Implementation of Agglomerative Hierarchical Clustering Algorithm Applying the Map-Reduce Parallel Approach
Subject Areas : Renewable energyFahimeh Tavakoli 1 , Faramarz Safi-Esfahani 2
1 - Faculty of Computer Engineering- Najafab Branch, Islamic Azad University, Najafabad, Iran
2 - Big Data Research Center, Najafabad Branch, Islamic Azad University, Najafabad, Iran.

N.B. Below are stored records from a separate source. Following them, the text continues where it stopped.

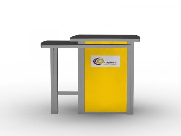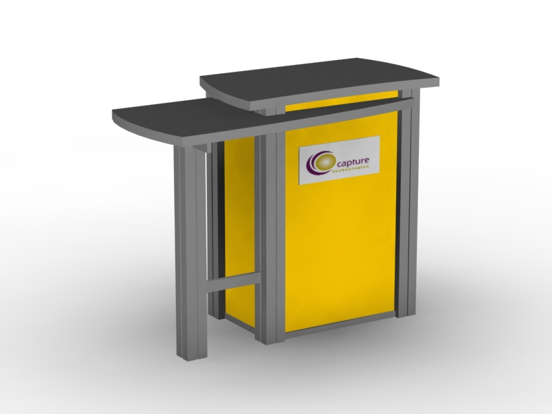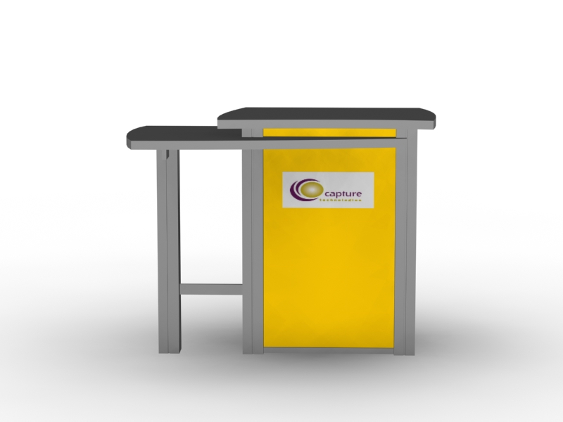 When choosing the right counter or pedestal for your display, consider how you will use it on the show floor. Do you need locking storage? Will the counter or pedestal hold a lead retrieval machine, laptop, or other electrical device? If so, you will need wire management. That may be as simple as ordering a grommet for the counter. If you are planning to use a tablet computer, consider the tablet insert option for the counter top. This option is practical, attractive, and secure for many tablets, such as an iPad.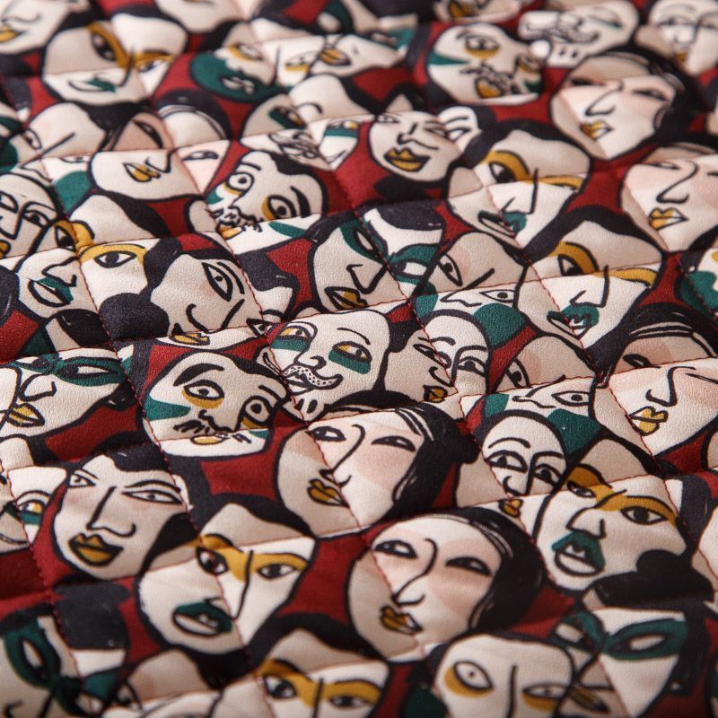 Итальянская трехслойная курточная ткань вишневого оттенка цвета с абстрактным принтом, простеганная ромбами. Нижний слой - гладкий матовый полиэстер красного цвета, средний слой - синтепон, верхний - принтованный креп-шифон. Очень мягкая и легкая, пластичная, хорошо драпируется. Прекрасно подойдет для пошива легких пальто, бомберов, парки, курток, жилетов, накидок-кейпов, объемных сумок.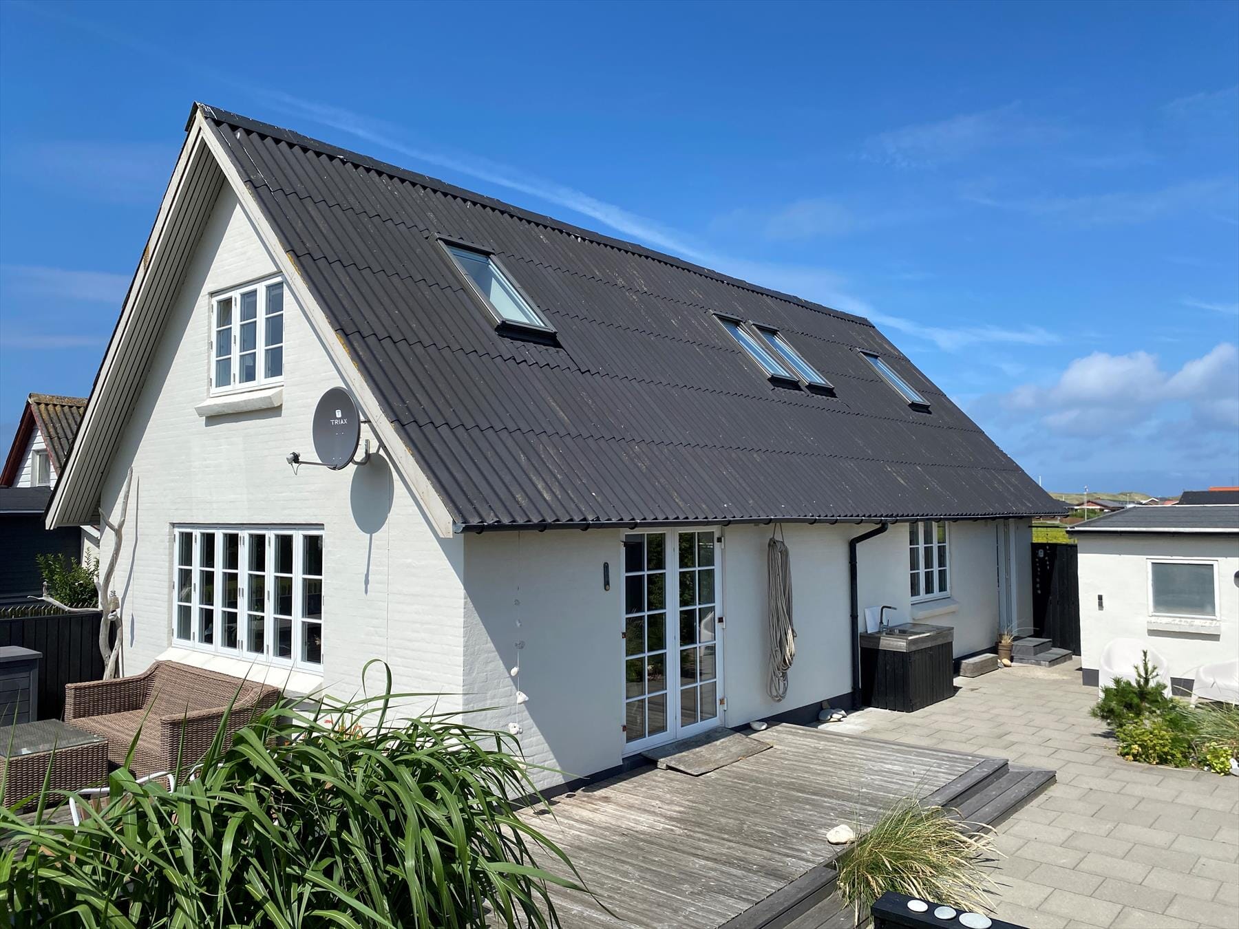 Stå op til en fantastisk solrig dag og begiv dig ud på den skønne terrasse og sæt dig i de gode havemøbler med en kop kaffe i hænderne og se solen langsomt stå op, imens fuglene synger dagen ind og den friske Vesterhavsluft kilder din næse. Den indhegnede grund byder på en dejlig stor gårdhave i samhørighed med haven, som gør den ideel til tryg leg for hele familien, da hunde og børn kan færdes frit og uden bekymringer. I de mange hyggekroge kan man i ro og mag nyde solens stråler og finde læ det meste af dagen. Trænger man til nedkøling, går man blot en tur ind under udendørsbruseren. Huset ligger så tæt på havet, at man de fleste dage, kan høre havet og bølgerne slå. Ved fiskerensebordet kan man stå og rengøre sine friskfangede fisk mens man snakker med familien og i skuret hvor der findes en ekstra fryser til fangsten, er det også muligt at henstille evt. medbragt lystfiskegrej.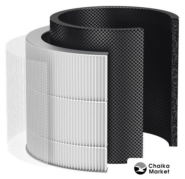 очиститель, 3-ступ. фильтр, для помещения до 20 м², шум 0 дБ, питание: сеть, цвет черный/белый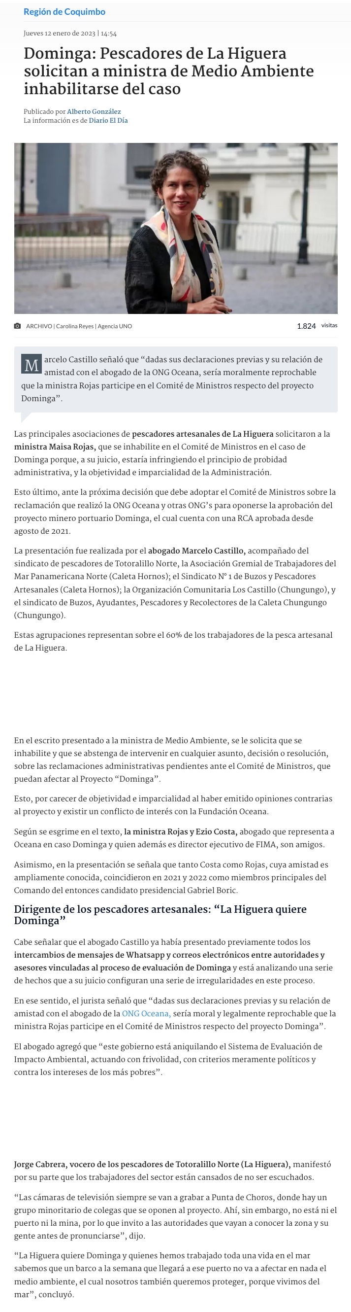 Pescadores de La Higuera piden a ministra Maisa Rojas inhabilitarse de votar Dominga - (El Mercurio de Santiago)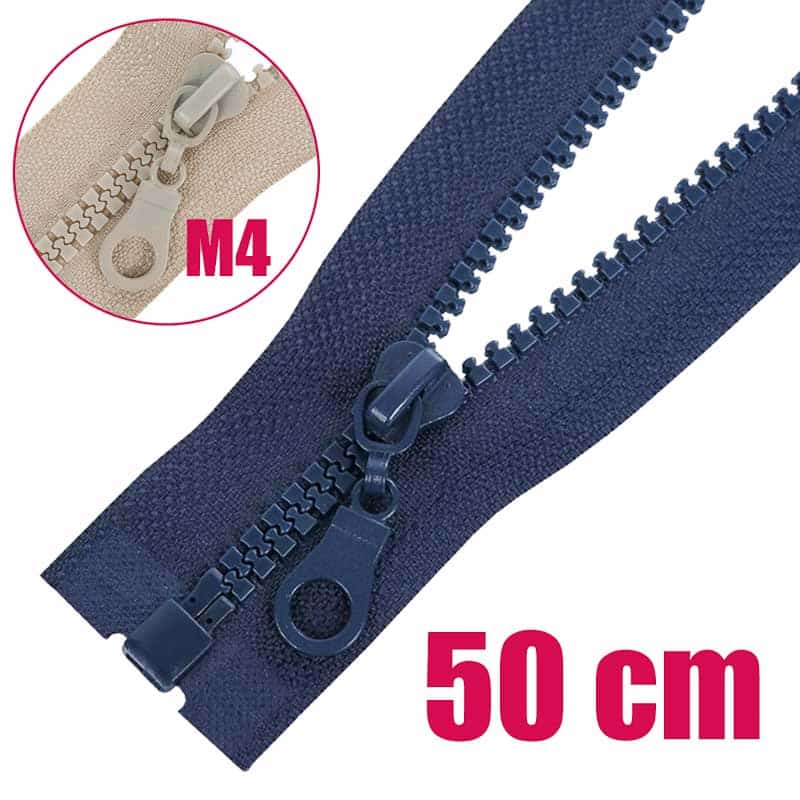 Öntött műanyag fogazattal rendelkező bontható (nyitható) cipzár. Ezt a típusú cipzárt hívják cápafogú, farkas fogú cipzárnak is. A fogazat szélessége 5 mm, a cipzárszalag teljes szélessége 3,2 cm. A fogazat színe megegyezik a textilszalag színével, a cipzárkocsi kör formájú (M4). A cipzár hossza: 50 cm

Keywords: parallel programming, clustering algorithms, Map-Reduce, Hadoop,
Abstract :
The map-reduce model is a method for executing large data applications. It is also a parallel programming model for writing applications that can be executed on the cloud. Organizations are increasingly producing data that is generated by business processes, user activities, website tracking, sensors, finance, accounting, and more. Data clustering algorithms are used as tools for analyzing large volumes of data. The main purpose of these algorithms is to categorize data into clusters so that the data objects in each cluster are more similar. In this paper, a dense hierarchical clustering algorithm, one of the data mining techniques, is implemented using map-reduce design and then the results of this algorithm are compared with the usual one. Experiments show that runtime decreases with increasing input data size. The runtime of the algorithm improved by 16.80% for the 200 data-point dataset, and 29.26% for the dataset with 1000 data points. The percentage of CPU usage in the parallel system also increased from 22% to 94%.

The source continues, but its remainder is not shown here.